Data to use:
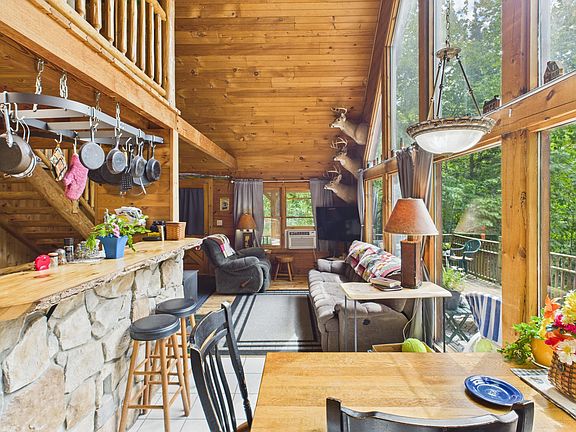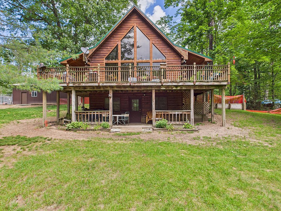Wilderness Retreat - Full Log Home on 10 Acres. Enjoy year-round living in this private log home surrounded by rolling hardwoods and pines. Molvy Creek runs through the property, drawing abundant wildlife and offering endless outdoor opportunities—hunting, fishing, snowmobiling, and skiing. The home features 3 bedrooms, a loft, and a mostly finished walk-out with rec room & non-conforming bedroom. West-facing windows provide natural light & warmth, while hardwood, tile, and carpet flooring add charm. Relax on the large deck or in front of the wood or gas stove. A 24'x48' pole barn provides ample storage, and the kitchen appliances are just 5 years old. The perfect up-north escape! Private road very well maintained by a neighbor via $120 HOA fee. Dog kennel negotiable.
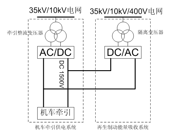 再生制動(dòng)能量吸收裝置是并聯(lián)在1500V/750V直流系統(tǒng)中,經(jīng)過(guò)逆變裝置變成交流,經(jīng)隔離變壓器輸入到電網(wǎng)(35kV/10kV/400V)。
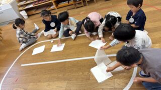 ようちえん日記 2025.10.8 午後のあつまり 午後の時間は・・・?こちらの部屋では「かくれたのだーれ?」のゲームをしているようです。目をかくしているあいだにお友だちが隠れます。誰がいなくなったか分かる?呼んでみるよ!「〇〇くーん!」「はーい!」ジャンプで飛び出しました笑瞬時に誰がいない... 2025.10.08 ようちえん日記
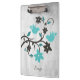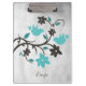 Give an elegant office gift with a Teal Lovebirds Personalised Clipboard. Clipboard design features a pair of lovebirds adorned with a floral vine and area you can personalise with your name. Additional gifts available with this design as well as a variety of colours.
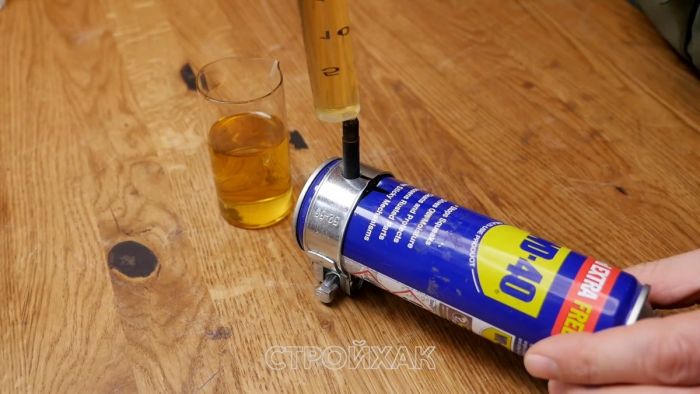 Дальше готовится сам аналог WD-40. Для этого на 3 части керосина или уайт-спирита добавляется 1 часть машинного масла. Смесь заливается в баллон через ниппель шприцем. Для этого придется выкрутить золотник.
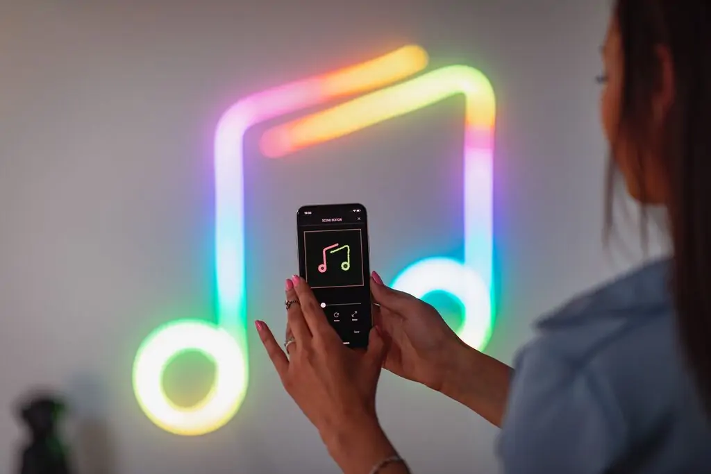 Instalacja Twinkly Flex jest wyjątkowo prosta – uruchomisz go w kilka sekund przez Bluetooth lub WiFi. W zestawie znajdują się uchwyty i klipsy montażowe, które umożliwiają dowolne kształtowanie listwy. Możesz nadać jej dowolny wzór – nuty, literę, maskotkę czy geometryczny kształt. Aplikacja Twinkly wykorzystuje aparat smartfona do mapowania położenia diod, co pozwala precyzyjnie odwzorować układ światła i tworzyć profesjonalne efekty wizualne bez potrzeby specjalistycznego sprzętu.

Exercise: Set down exactly, and only, the lines from the one holding "Дальше готовится сам" to the end of the records above, leaving every picture out.

Task solution:
 Дальше готовится сам аналог WD-40. Для этого на 3 части керосина или уайт-спирита добавляется 1 часть машинного масла. Смесь заливается в баллон через ниппель шприцем. Для этого придется выкрутить золотник.
 Instalacja Twinkly Flex jest wyjątkowo prosta – uruchomisz go w kilka sekund przez Bluetooth lub WiFi. W zestawie znajdują się uchwyty i klipsy montażowe, które umożliwiają dowolne kształtowanie listwy. Możesz nadać jej dowolny wzór – nuty, literę, maskotkę czy geometryczny kształt. Aplikacja Twinkly wykorzystuje aparat smartfona do mapowania położenia diod, co pozwala precyzyjnie odwzorować układ światła i tworzyć profesjonalne efekty wizualne bez potrzeby specjalistycznego sprzętu.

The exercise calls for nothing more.